Dataset excerpts:
--------------------
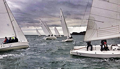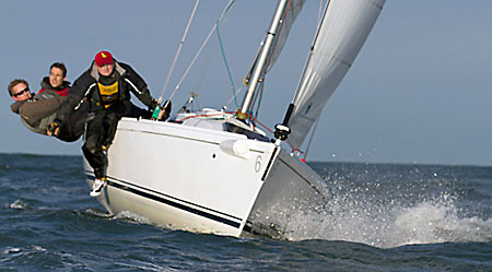 The day began with the 16 class representatives and their crew being split in to two eight boat fleets. Due to the forecast weather conditions for Sunday, the decision was made to sail two races in each fleet in the morning with the top four teams from each progressing to the Final Series which would take place in the afternoon. Sailing in the Irish Sailing Association’s J80 keelboats, the first eight teams took to the water for a 10.30am start in a 15 knot south-westerly. Leading the fleet in the first race was SB20 champion Ben Duncan who took the bullet followed by Ian Matthews from the National Yacht Club in Dun Laoghaire and John McGuinness from Moville in Donegal. It was local Howth Yacht Club sailor Cillian Dickson who took the win in the second race followed by Ben Duncan with Ian Matthews in third. On a total of 3 points, Ben Duncan and crew Joe Turner and Davie Taylor were the overall winners of the first fleet earning their place in the afternoon’s Final Series. Also progressing to the Final were Ian Matthews (5 points), Cillian Dickson (6 points) and John McGuinness (8 points).
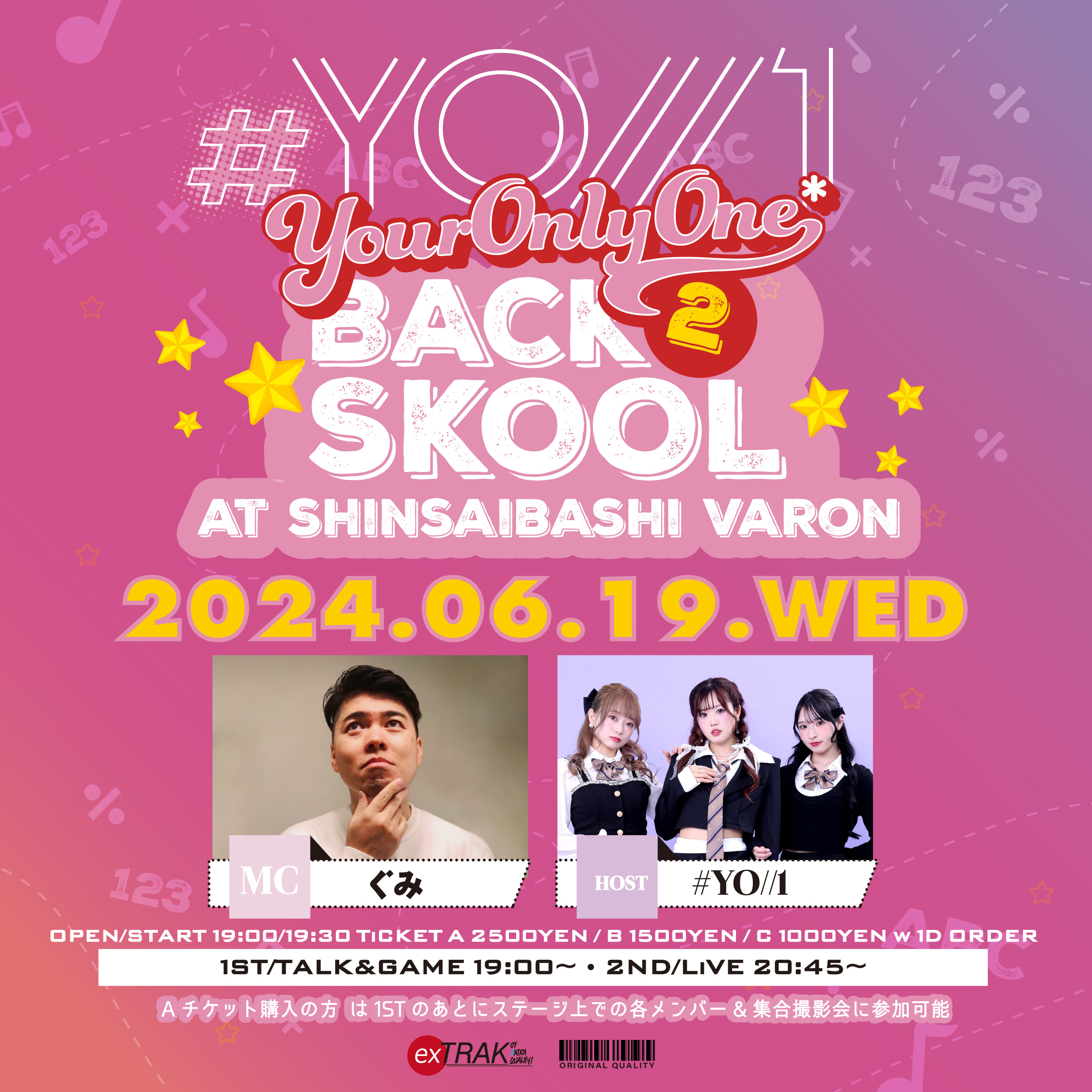 心斎橋 VARON(ヴァロン) スケジュール 2024.6.19(Wed) -#YO//1 TALK&LiVE-“BACK 2 SKOOL vol.3” [ACT] [act] #YO//1 / [MC] グミ [OPEN/START] 18:30/19:00 [料金] [A] 2500YEN/撮影会&1部撮影可能 / [B] 1500YEN/1部撮影可能 / [C] 1000YEN ※A,B,Cともに別途ドリンク代金 (問)心斎橋VARON 06-6243-1400 / info@osaka-varon.jp チケット →https://t.livepocket.jp/e/cszg1
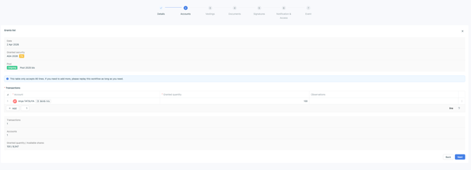 - In the Accounts step, select the account, the quantity granted, and the vesting start date. If your free share grant includes multiple accounts, you can add additional lines.
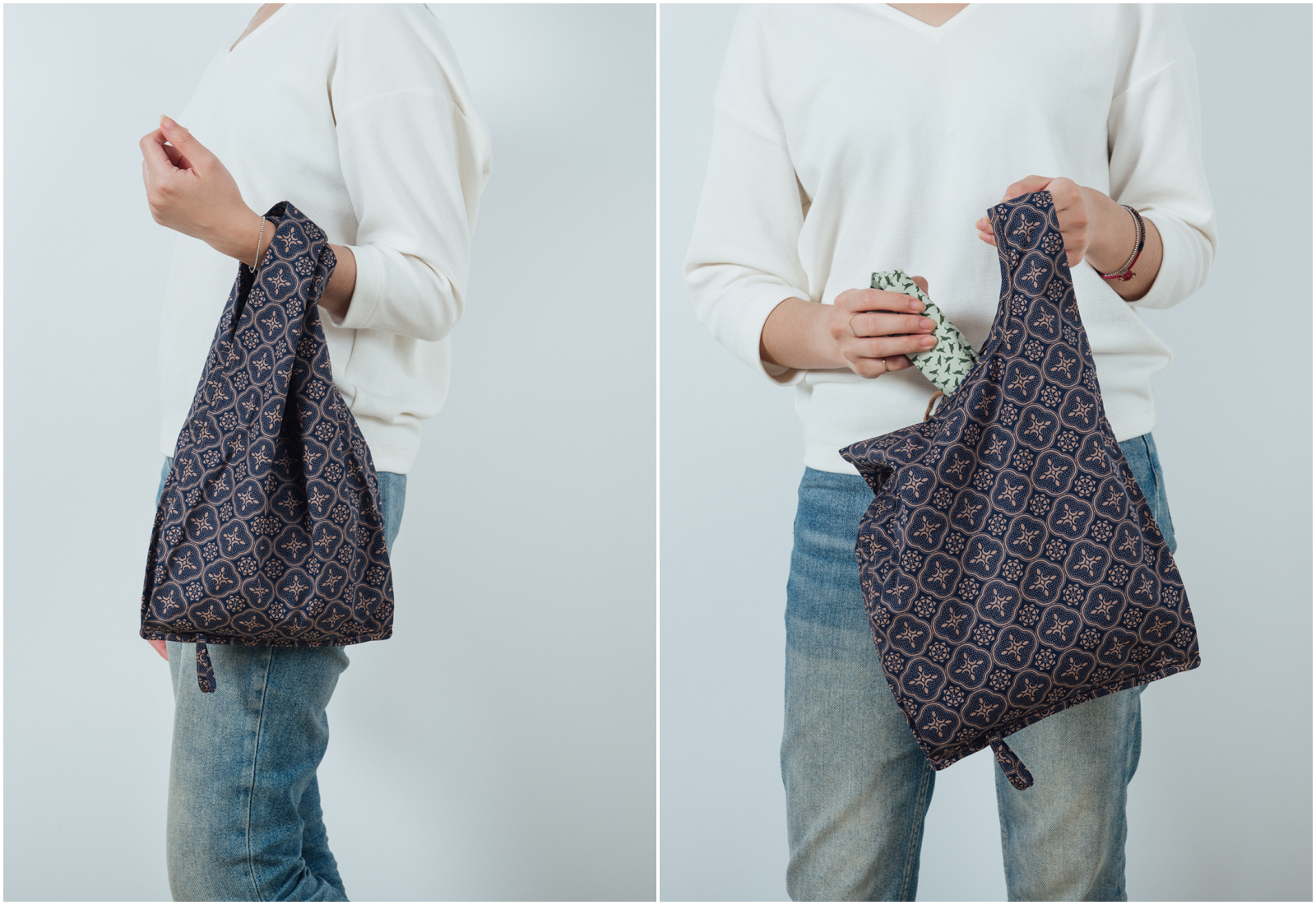 可以捲起來放在包包裡,輕巧又不佔空間,攤開就是一只簡單好用的提袋
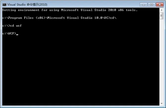 看到系统提示的那行命令了么?系统在告诉我们如何使用svcutil.exe来获得元数据。我们现在试一下,首先打开VS2010命令行:
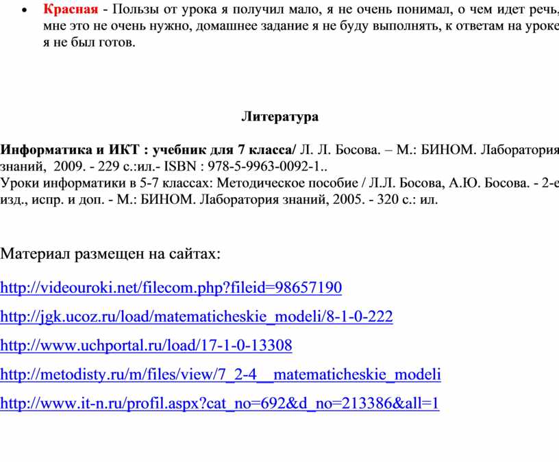 1. Информатика и ИКТ : учебник для 7 класса/ Л. Л. Босова. – М.: БИНОМ. Лаборатория знаний, 2009. - 229 с.:ил.- ISBN : 978-5-9963-0092-1..
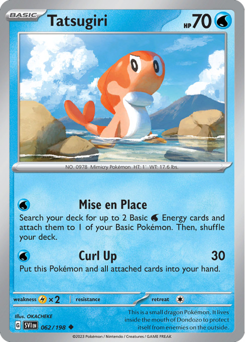 Search your deck for up to 2 Basic Water Energy cards and attach them to 1 of your Basic Pokémon. Then, shuffle your deck.
--------------------
Quote, word for word and nothing more, every line from the line with "看到系统提示的那行命令了么?" to the end of the entries, including both ends; skip any pictures.

- Answer area
 看到系统提示的那行命令了么?系统在告诉我们如何使用svcutil.exe来获得元数据。我们现在试一下,首先打开VS2010命令行:
 1. Информатика и ИКТ : учебник для 7 класса/ Л. Л. Босова. – М.: БИНОМ. Лаборатория знаний, 2009. - 229 с.:ил.- ISBN : 978-5-9963-0092-1..
 Search your deck for up to 2 Basic Water Energy cards and attach them to 1 of your Basic Pokémon. Then, shuffle your deck.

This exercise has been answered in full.